This ‘echo chamber’ hypothesis has been around for a long time and has recently been supplemented by the idea of a ‘filter bubble’: the idea that the algorithms used by Facebook, Google and Twitter to provide personalised news end up trapping us inside our narrow worldview.
The advantage of being an academic is that when I hear a theory or idea, I have the time and resources to test it carefully myself. So, when I heard about the ‘filter bubble’ hypothesis, I decided to do exactly that. Well… that’s not entirely true. What I actually did was get a master’s student to help me test it.
Joakim Johansson downloaded data about the people who followed the UK’s leading newspapers on Twitter (this is entirely legal and, indeed, encouraged by the social media site).
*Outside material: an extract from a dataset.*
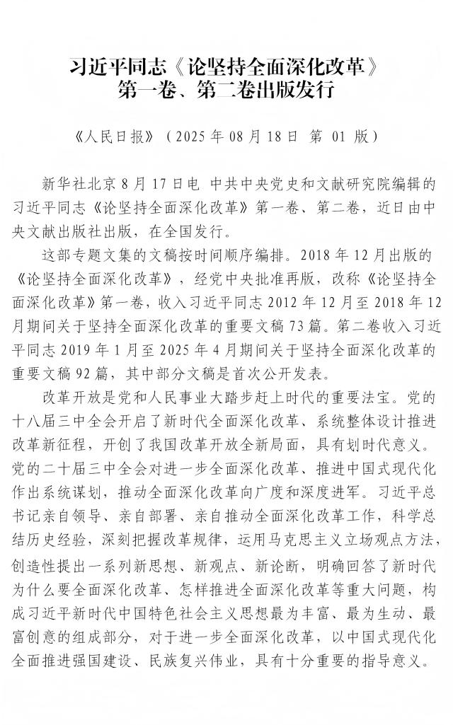 習(xí)近平同志《論堅(jiān)持全面深化改革》 第一卷、第二卷出版發(fā)行

He then looked at how these people were connected, starting with an analysis of me.
There is a very distinctive structure to my Twitter network. I am part of a cluster of scientists who follow each other. This group is the best type of echo chamber: we reaffirm each other, moan about the scientific funding situation and share the latest gossip. Joakim found that we are also similar in the political information we access, following newspapers—like the Guardian and the Financial Times—that were pro-Remain in the UK’s referendum on membership of the EU. We are part of a pro-Remain academic bubble.
I am not trapped, though. Other links in my network are more spread out, reaching people who don’t know each other, but do know me. It is here that my less academic pastime comes in to play: football. I also use Twitter to talk to fellow football nerds about the game, and the maths and stats used to analyse it. My choice of who to follow about football is more random than in science. Sometimes I’ll share a few tweets back and forth about a match or a player, enjoy the conversation and decide to follow the user I’ve been talking to. As a result, I end up interacting with a more varied group of people, who follow newspapers that were both pro-remain and pro-leave—like the Times and the Daily Mail.